▶ WHAT TO WORK ON
Beginning at the line that contains "图①:浙江省台州市路桥区蓬街", reproduce the entries below exactly, ending with the line that contains "Print, poster ou". Omit each picture.

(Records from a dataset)

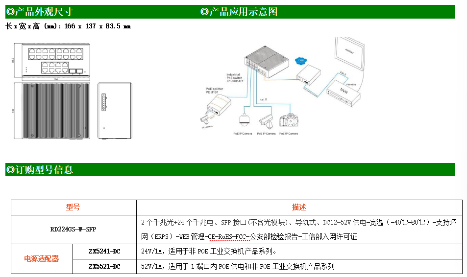 RD224GS-W系列WEB網管工業級以太網交換機,產品符合FCC、CE、ROHS標準,支持工業現場所需的以太網二層協議,保證通信網絡的穩定性。該系列交換機采用低功耗、無風扇設計,確保無噪聲干擾,同時支持-40~80℃工作溫度和良好的EMC電磁兼容性能,保證在惡劣的工業環境中保持穩定的工作,為工廠自動化,智能交通,視頻監控等工業應用領域組建快速穩定的網絡終端接入網絡提供安全可靠的解決方案。
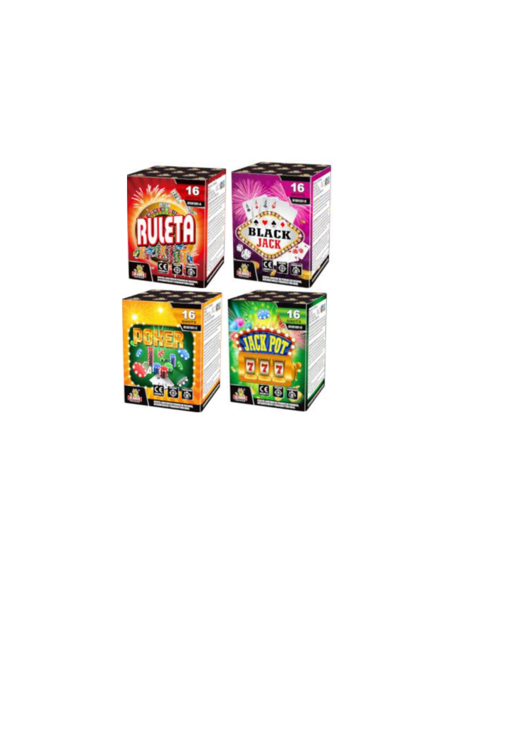 Surtido de baterías de molde de 16 disparos, de 16 mm de diámetro con diferentes y variados efectos, con una duración aproximada de unos 25 segundos. Contiene 4 modelos diferentes.
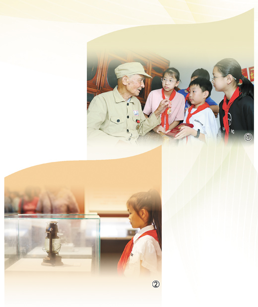图①:浙江省台州市路桥区蓬街镇中心小学组织学生来到老党员家中,倾听其当年参军入伍、保家卫国的故事。蒋友青摄(人民视觉)
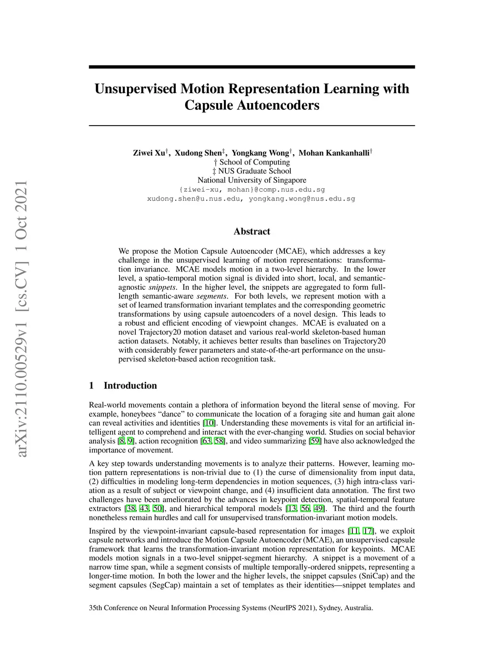Unsupervised Motion Representation Learning with Capsule Autoencoders
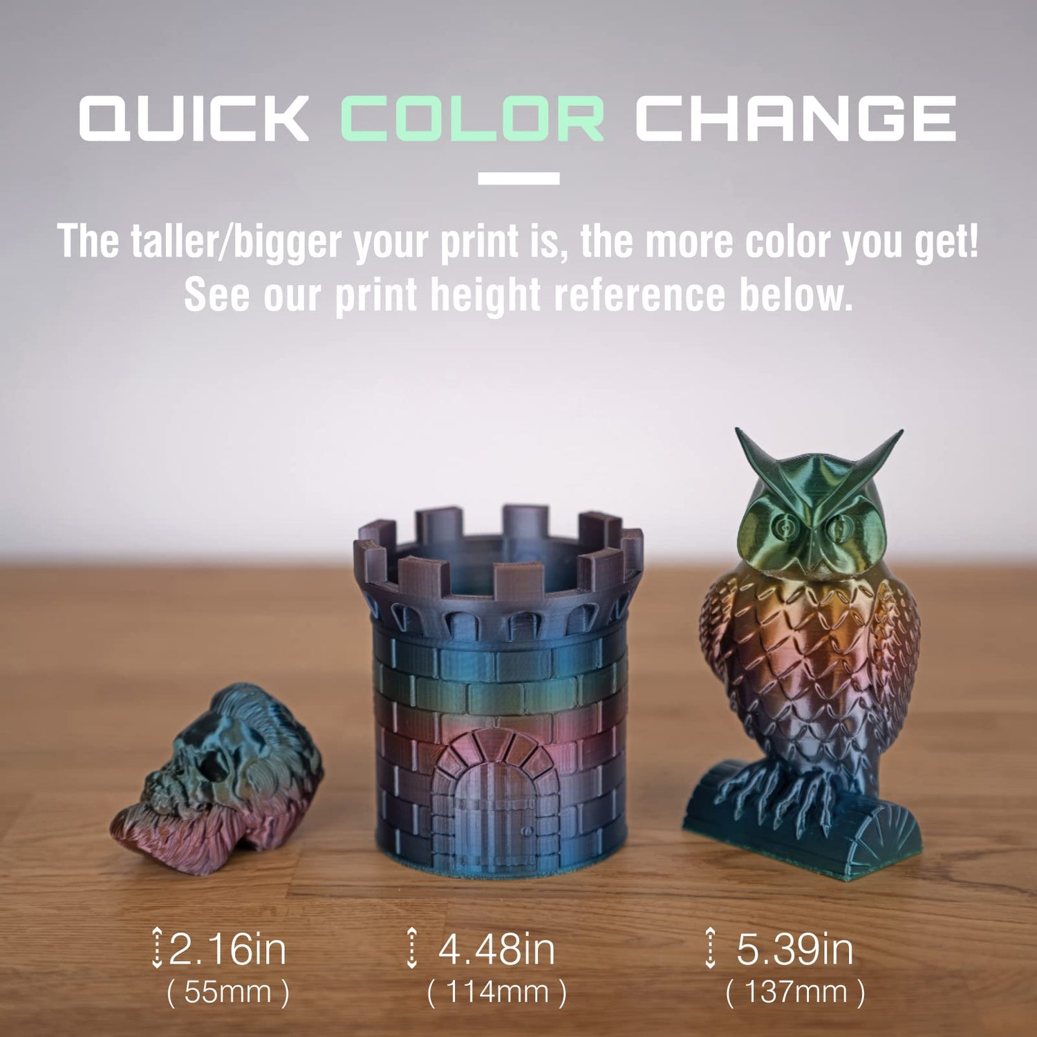 - FAST COLOR CHANGING FILAMENT: Our Rainbow PLA Filament changes colors depending on your print size and infill, allowing for a new color to start every-time you print something new! From decorations to vases, you can print anything you desire with our Multicolored Rainbow PLA Filament! With its high-quality finish and easy to use formula, you’ll be able to unleash your creativity like never before.
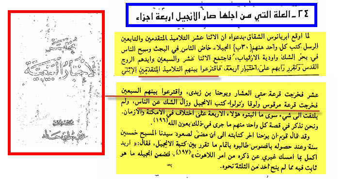 سلسلة قرأت لكم هى سلسلة تنشر بعض أقوال علماء النصارى من كتب تراثيه لم تنشر بعد من هذه الاقوال ما يرد شبهات تثار الان حول الاسلام أو نبى الاسلام محمد صلى الله عليه وسلم ومنها ما يخالف ما يعتقده النصارى اليوم , ومنها ما يخالف فهم النصارى فى بعض المعتقدات ... الكتاب الرابع : مختصر الاخبار البيعيه الغلاف ![]() العله التى لاجلها صار الانجيل الواحد أربع اناجيل .. ![]() كلام المؤلف عن وفاة مريم ... ![]() أهل الكهف من المرجع النصرانى ![]() هل سمع منكم شيئا عن رسالة بولس لاهل مصر ؟ ![]() سبب كتابة إنجيل لوقا هى كثرة الاناجيل أنذاك ... ![]() شاهد صفات يعقوب أخو الرب ... ![]() لماذا كتب القديس متى إنجيله ؟ ![]() للمزيد من مواضيعي
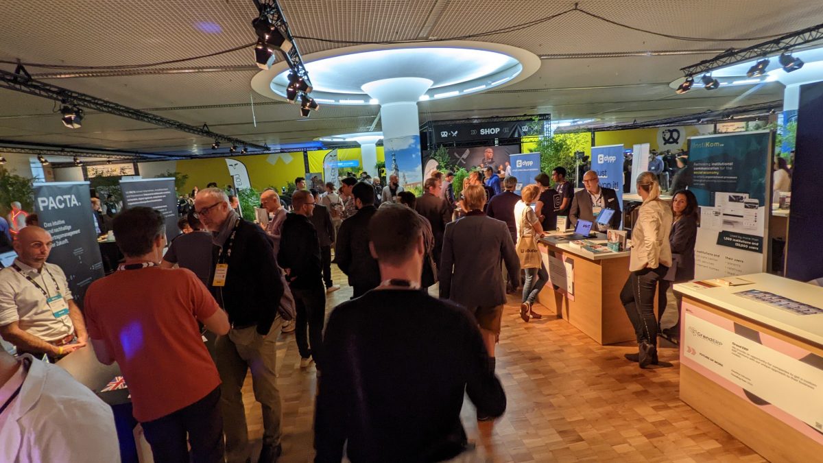 Überall auf der Startup-Konferenz präsentieren sich Startup-Unternehmen dem Publikum. Die Eigendarstellung reicht vom klassischen Messestand…
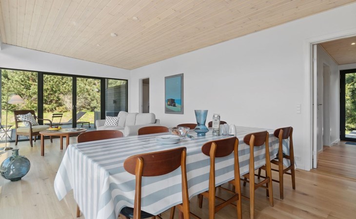 Eengezinswoning, bouwjaar 2023. 350 m van zee. Voor alleengebruik: wild terrein 1.423 m2. Terras (70 m2), barbecue. In het huis: wasmachine, droger. Parkeerplaats bij het huis. Levensmiddelenwinkel 3 km. Golfterrein 5 km. De eigenaar accepteert geen jeugdgroepen.
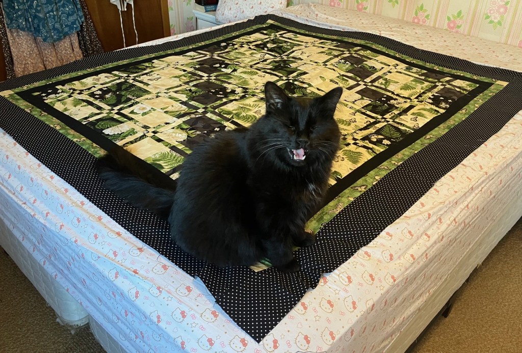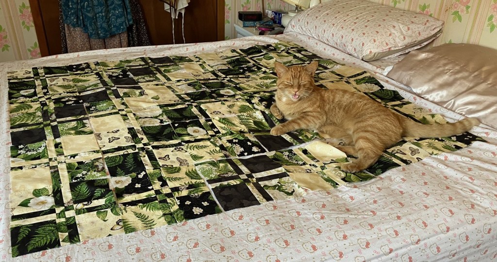 I used almost all of the layer cake – just six squares were leftover. That green butterfly border was from the layer cake too. It didn’t work with the layout for the main blocks, but it was too pretty not to use. So I sliced it up and had just enough for a skinny border.
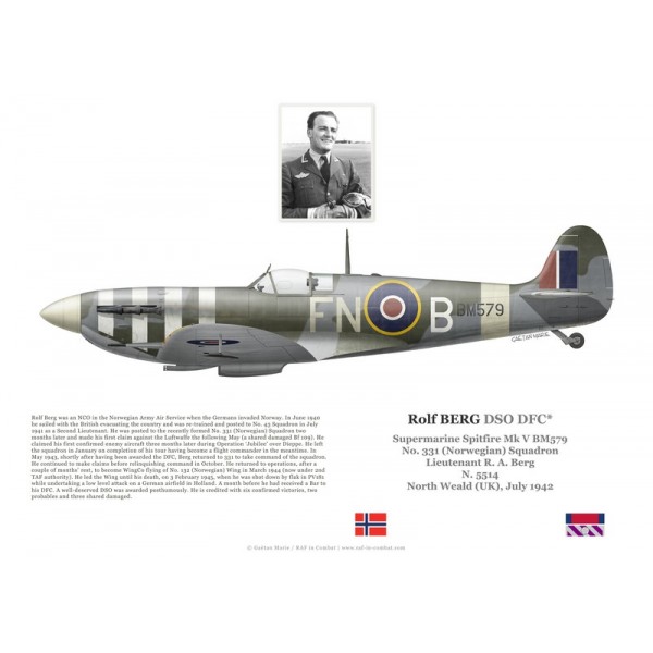 Print, poster ou lithographie aéronautique de haute qualité du Spitfire Mk V BM579 piloté par Rolf Berg, as norvégien (6 victoires), commandant du No 331 Squadron à North Weald en juillet 1942. Profil en vue latérale.
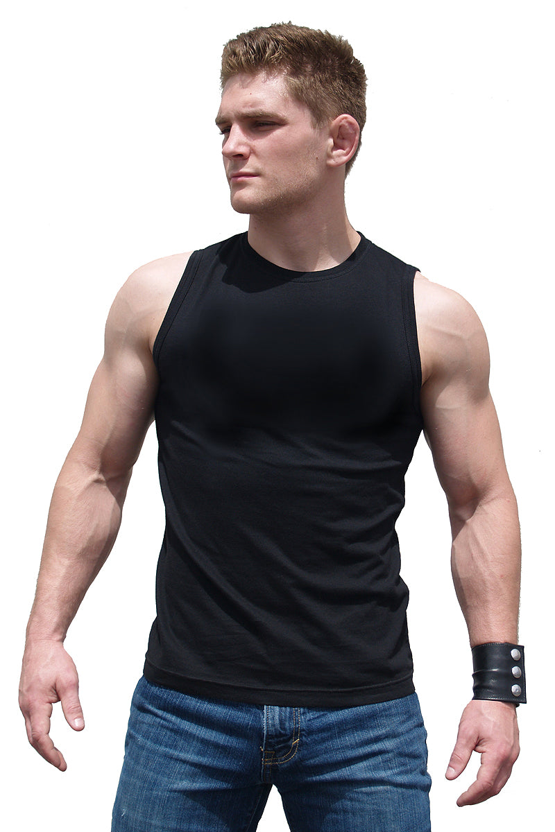 Forget bareback...go bare front with ajaxx63's hot athletic fit sleeveless muscle tees available with no graphics in your favorite colors. This sleeveless barefront tee is perfectly cut for ease of movement, and the opening is designed to hit your shoulder and traps at the most flattering location for you. A finished seam gives the shirt the ability to go from the gym to a night out with your buddies.

▶ RESULT OF THIS EXERCISE
图①:浙江省台州市路桥区蓬街镇中心小学组织学生来到老党员家中,倾听其当年参军入伍、保家卫国的故事。蒋友青摄(人民视觉)
Unsupervised Motion Representation Learning with Capsule Autoencoders
 - FAST COLOR CHANGING FILAMENT: Our Rainbow PLA Filament changes colors depending on your print size and infill, allowing for a new color to start every-time you print something new! From decorations to vases, you can print anything you desire with our Multicolored Rainbow PLA Filament! With its high-quality finish and easy to use formula, you’ll be able to unleash your creativity like never before.
 سلسلة قرأت لكم هى سلسلة تنشر بعض أقوال علماء النصارى من كتب تراثيه لم تنشر بعد من هذه الاقوال ما يرد شبهات تثار الان حول الاسلام أو نبى الاسلام محمد صلى الله عليه وسلم ومنها ما يخالف ما يعتقده النصارى اليوم , ومنها ما يخالف فهم النصارى فى بعض المعتقدات ... الكتاب الرابع : مختصر الاخبار البيعيه الغلاف ![]() العله التى لاجلها صار الانجيل الواحد أربع اناجيل .. ![]() كلام المؤلف عن وفاة مريم ... ![]() أهل الكهف من المرجع النصرانى ![]() هل سمع منكم شيئا عن رسالة بولس لاهل مصر ؟ ![]() سبب كتابة إنجيل لوقا هى كثرة الاناجيل أنذاك ... ![]() شاهد صفات يعقوب أخو الرب ... ![]() لماذا كتب القديس متى إنجيله ؟ ![]() للمزيد من مواضيعي
 Überall auf der Startup-Konferenz präsentieren sich Startup-Unternehmen dem Publikum. Die Eigendarstellung reicht vom klassischen Messestand…
 Eengezinswoning, bouwjaar 2023. 350 m van zee. Voor alleengebruik: wild terrein 1.423 m2. Terras (70 m2), barbecue. In het huis: wasmachine, droger. Parkeerplaats bij het huis. Levensmiddelenwinkel 3 km. Golfterrein 5 km. De eigenaar accepteert geen jeugdgroepen.
 I used almost all of the layer cake – just six squares were leftover. That green butterfly border was from the layer cake too. It didn’t work with the layout for the main blocks, but it was too pretty not to use. So I sliced it up and had just enough for a skinny border.
 Print, poster ou lithographie aéronautique de haute qualité du Spitfire Mk V BM579 piloté par Rolf Berg, as norvégien (6 victoires), commandant du No 331 Squadron à North Weald en juillet 1942. Profil en vue latérale.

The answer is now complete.